- _Recorded information_
—————

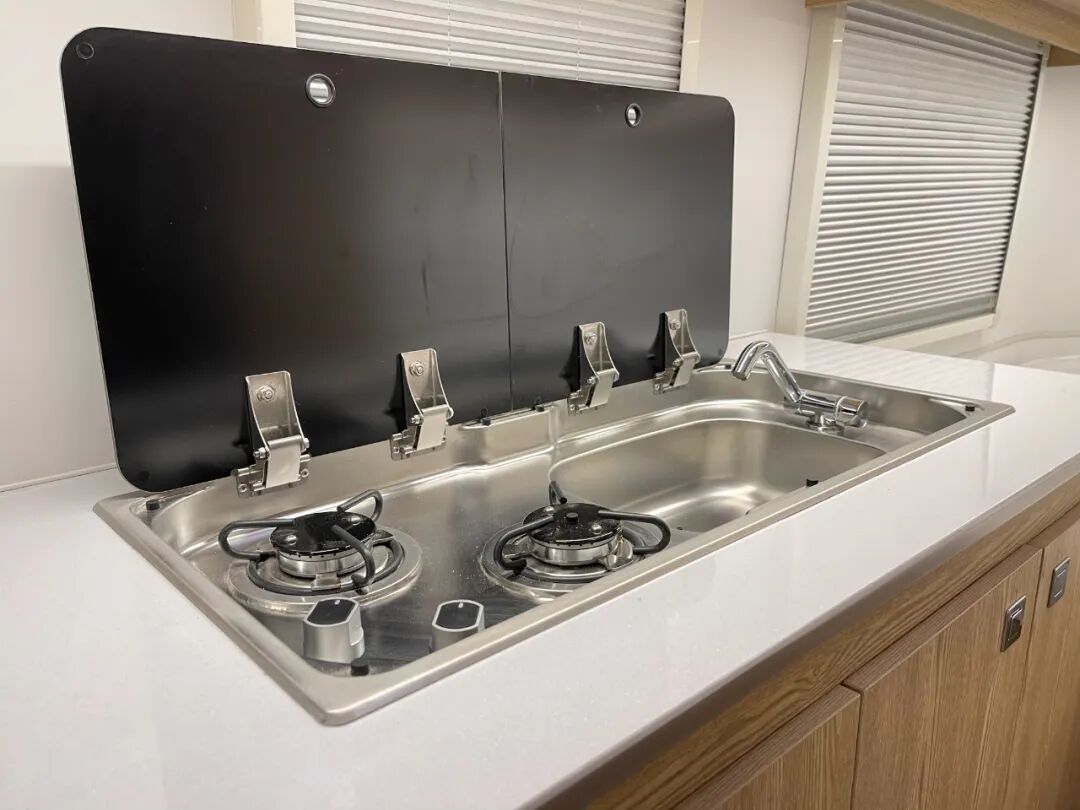车内厨房的柜台和尾床紧挨着,大尺寸操作台面上设有集成式灶台,包含两个灶眼、洗菜池、水龙头,盖板隐藏式的设计,在不使用时便于放置杂物;柜台上下两方设有多个储物空间,方便厨具、餐具的收纳。
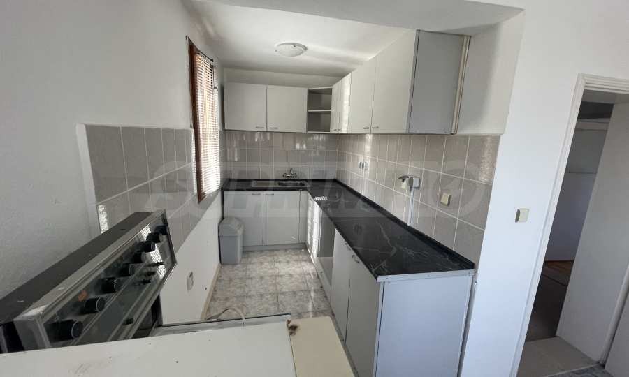 Първи етаж - всекидневна кухня открит план, разположена по средата, 2 спални от всяка страна на дневната, баня, тоалетна и малък килер.
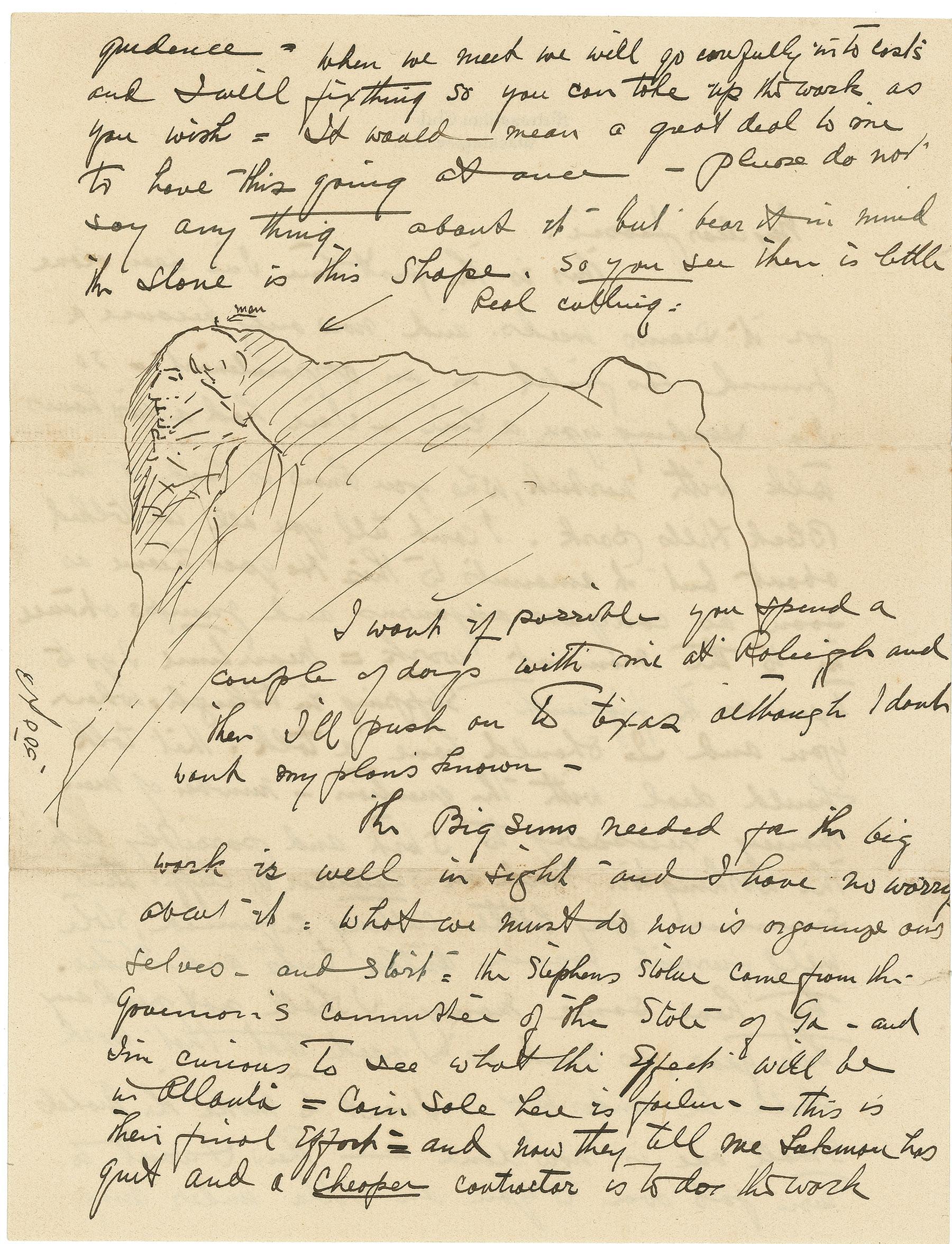 Very little cutting required, state will furnish power drills, tents and studio. They have some money = I shall not need any this year, as much as I need that work shall be under way. I want to make the models small one is now done - Then I want to turn the job over to you or Villa under my guidance. When we meet we will go carefully into costs and I will fix things so you can take up the work as you wish. It would mean a great deal to me to have this going at once - please do not say anything about it but bear in mind the stone is this shape. So you see there is little real cutting. [Borglum has then sketched Mount Rushmore and the bust of George Washington with a tiny “man” on top of it]

—————

Restate all of the material word for word, leaving every picture out.

车内厨房的柜台和尾床紧挨着,大尺寸操作台面上设有集成式灶台,包含两个灶眼、洗菜池、水龙头,盖板隐藏式的设计,在不使用时便于放置杂物;柜台上下两方设有多个储物空间,方便厨具、餐具的收纳。
 Първи етаж - всекидневна кухня открит план, разположена по средата, 2 спални от всяка страна на дневната, баня, тоалетна и малък килер.
 Very little cutting required, state will furnish power drills, tents and studio. They have some money = I shall not need any this year, as much as I need that work shall be under way. I want to make the models small one is now done - Then I want to turn the job over to you or Villa under my guidance. When we meet we will go carefully into costs and I will fix things so you can take up the work as you wish. It would mean a great deal to me to have this going at once - please do not say anything about it but bear in mind the stone is this shape. So you see there is little real cutting. [Borglum has then sketched Mount Rushmore and the bust of George Washington with a tiny “man” on top of it]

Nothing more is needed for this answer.